We were then interested in whether stress was better predicted by “How” Google searches than searches for stress related terms. To test this, we first removed the linear trend from the dependent and predictor variables, and then Z-scored the dependent and predictor variables. We then ran a model predicting the proportion of UK sample reporting COVID-related stress from the “How” Google Search Volume Index as well as Google Search Volume Index for the words “stress”, “anxiety”, “mental health”, and “psychiatrist” in the UK. In addition, we ran multiple linear models to predict UK COVID-related stress levels each time from only one of the terms above.
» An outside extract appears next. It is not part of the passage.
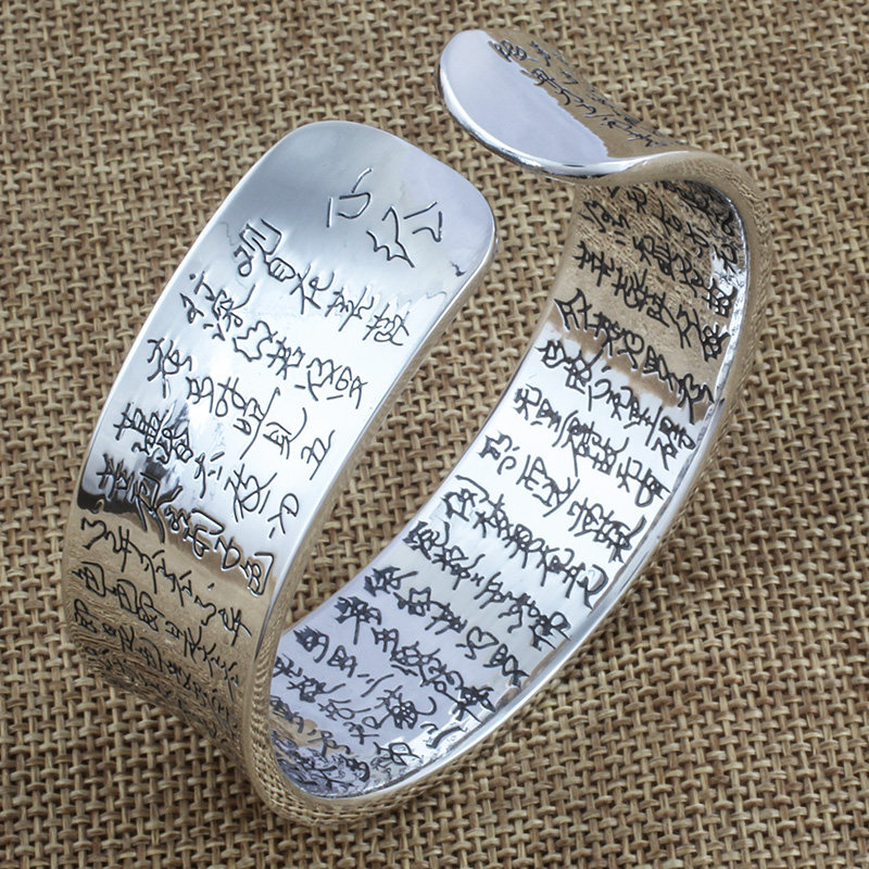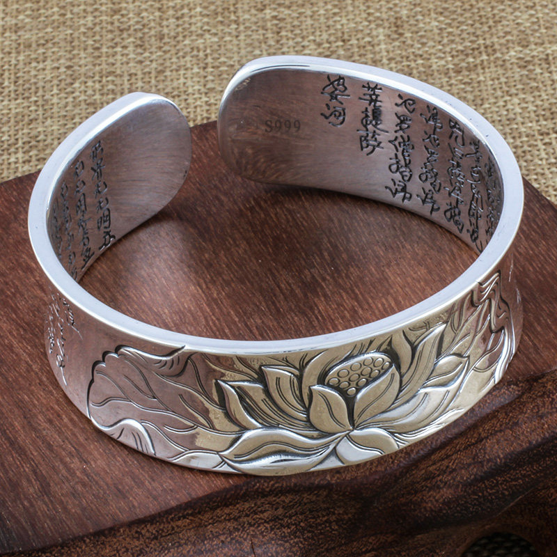 Jiuxi silver building S999 foot silver opening pure silver wide version bracelet lotus heart warp retro silver bracelet male and female silver ornament

Finally, we tested the predictive validity of a simple model using stress levels to predict the proportion of “How” searches using a leave one out analysis. Once again, we removed the linear trend from the dependent and predictor variables first, and then the dependent and predictor variables were Z-scored. Specifically, the simple model was run on all the data saved for one time point which was held out from the analysis. We then used the regression beta to predict the proportion of “How” searches of the left-out time point. This process was repeated so that each week’s proportion of “How” searches was estimated from the simple model parameters generated without using that week to fit the data. This resulted in two values for the proportion of “How” searches for each week: the actual proportion of “How” searches (data) and the predicted value from the leave-one-out validation (estimate). The actual proportion of “How” searches of a week (data) and the predicted proportion of “How” searches (estimation) were then correlated and compared using a paired sample t-test. This analysis indicates whether the population stress levels is a good predictor of the proportion of “How” searches.

Study 3

Participants

One hundred and ninety-three participants completed the study on Qualtrics (http://www.qualtrics.com) and were recruited via Prolific’s online recruitment (http://www.prolific.co). Participants received £7.50 per hour for their participation. One participant was excluded for not providing a valid response, leaving the final participant N at 192 (stress condition: n = 99, age = 39.45, SD = 14.74; Females = 78.8%, Males = 19.2%, Other—2.0%; control condition: n = 93, age = 38.46, SD = 11.91; Females = 76.3%, Males = 22.6%, Other = 1.1%).

Procedure

Participants were asked to recall a time when they were very stressed (stress condition) or recall a time when they were happy and relaxed (control condition). They were then instructed to think about that time in as much detail as possible and describe it in a text box. They indicate their stress level on a scale ranging from very calm (− 50) to very stressed (+ 50) before and after the induction. Next, participants were asked to enter two searches they could have entered to Google during the time.

Analysis

To assess whether the manipulation was successful, a 2 (condition: stress, control) by 2 (time: pre-induction, post induction) ANOVA was run with follow up pair-wise t-tests. Next, for each participant, we counted the number of questions that began with “How” (i.e., 0, 1, 2) and for every other question word (i.e., “What”, “Which”, “Who”, “Where”, “Why”, “When”, and “Whose”). We then conducted separate independent samples t-tests to assess the difference in the number asked for each question type between conditions. Finally, we implemented a machine learning approach to assess the average valence of participants’ two searches by applying the pre-trained model distilbert-base-uncased-finetuned-sst-2-english36 to their submitted searches. Finally, we examined the difference between participants in the stress and control conditions with regard to the number of “How” searches submitted and the valence of their searches.